Work task: The pictures stay out. Please retype every line below exactly.

Information supplied:
☆ ☆ ☆ ☆ ☆

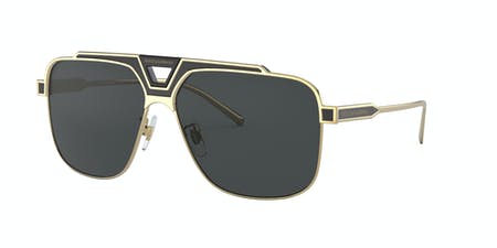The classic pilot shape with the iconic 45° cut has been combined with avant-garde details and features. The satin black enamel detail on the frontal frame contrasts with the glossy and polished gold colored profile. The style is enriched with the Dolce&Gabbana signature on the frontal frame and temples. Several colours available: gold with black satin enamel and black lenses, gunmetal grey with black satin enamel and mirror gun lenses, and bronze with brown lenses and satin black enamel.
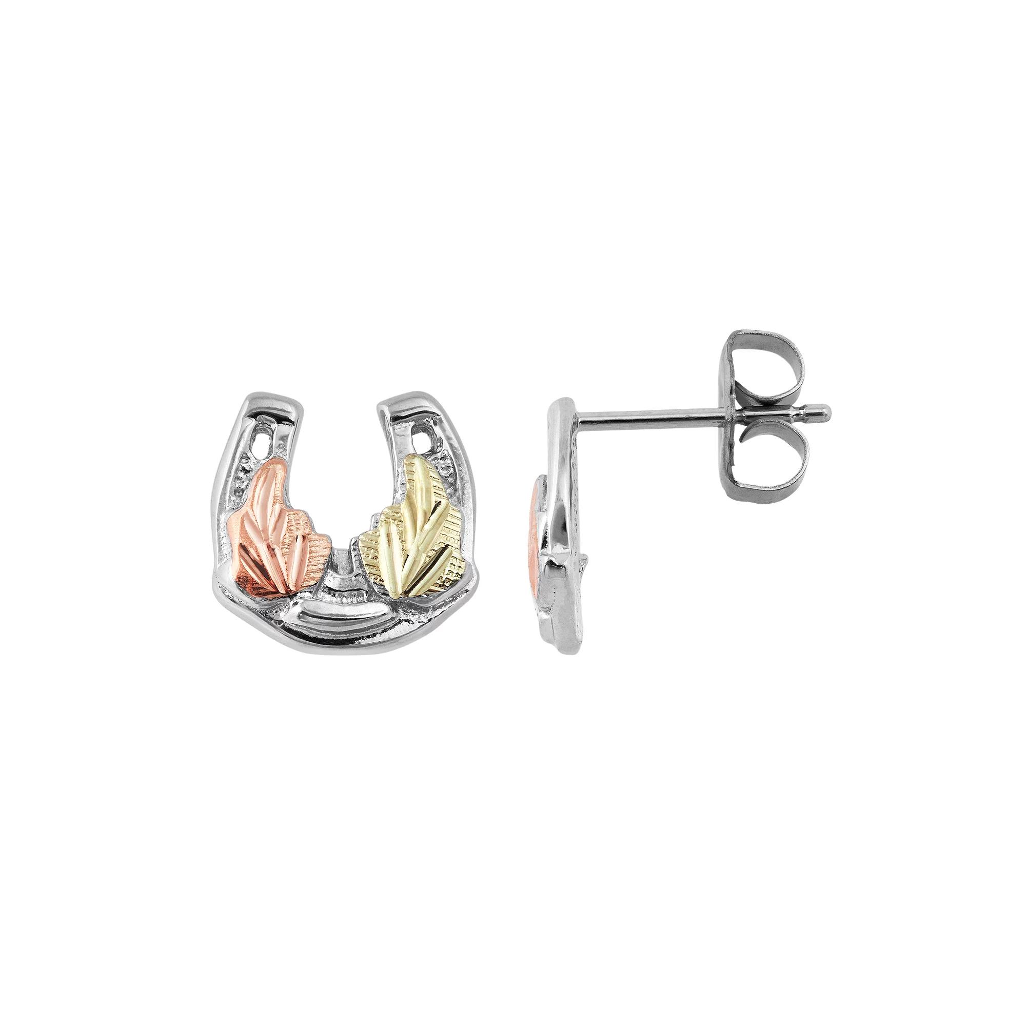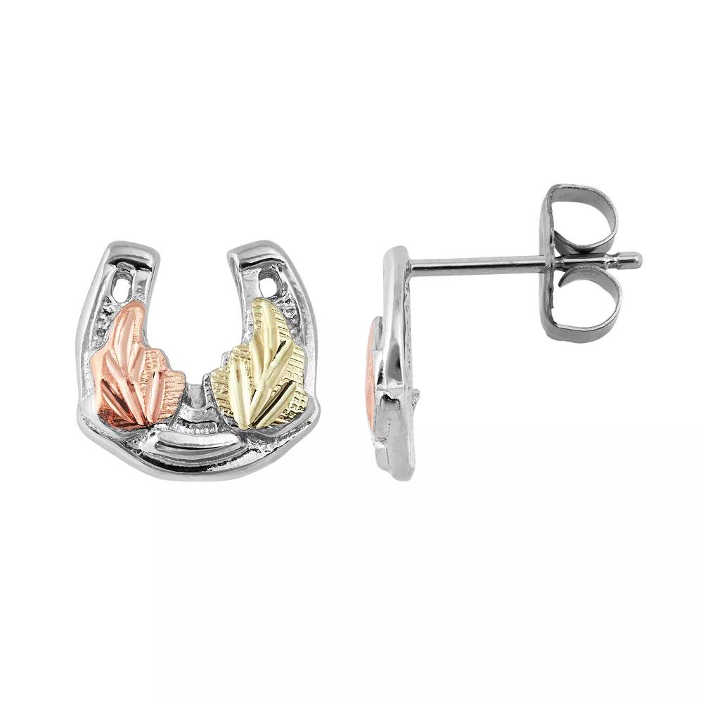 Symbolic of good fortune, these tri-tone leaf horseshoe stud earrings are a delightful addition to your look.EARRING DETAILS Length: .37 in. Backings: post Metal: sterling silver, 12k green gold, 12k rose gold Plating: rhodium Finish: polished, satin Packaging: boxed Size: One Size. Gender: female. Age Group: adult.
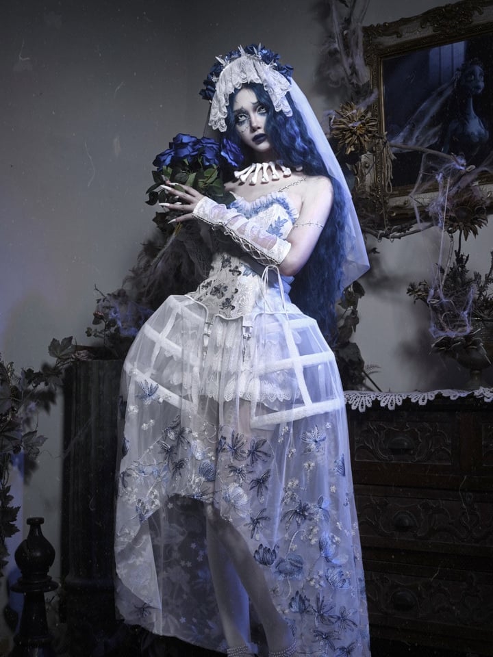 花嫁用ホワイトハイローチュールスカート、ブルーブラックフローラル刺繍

☆ ☆ ☆ ☆ ☆

Result of this exercise:
The classic pilot shape with the iconic 45° cut has been combined with avant-garde details and features. The satin black enamel detail on the frontal frame contrasts with the glossy and polished gold colored profile. The style is enriched with the Dolce&Gabbana signature on the frontal frame and temples. Several colours available: gold with black satin enamel and black lenses, gunmetal grey with black satin enamel and mirror gun lenses, and bronze with brown lenses and satin black enamel.
 Symbolic of good fortune, these tri-tone leaf horseshoe stud earrings are a delightful addition to your look.EARRING DETAILS Length: .37 in. Backings: post Metal: sterling silver, 12k green gold, 12k rose gold Plating: rhodium Finish: polished, satin Packaging: boxed Size: One Size. Gender: female. Age Group: adult.
 花嫁用ホワイトハイローチュールスカート、ブルーブラックフローラル刺繍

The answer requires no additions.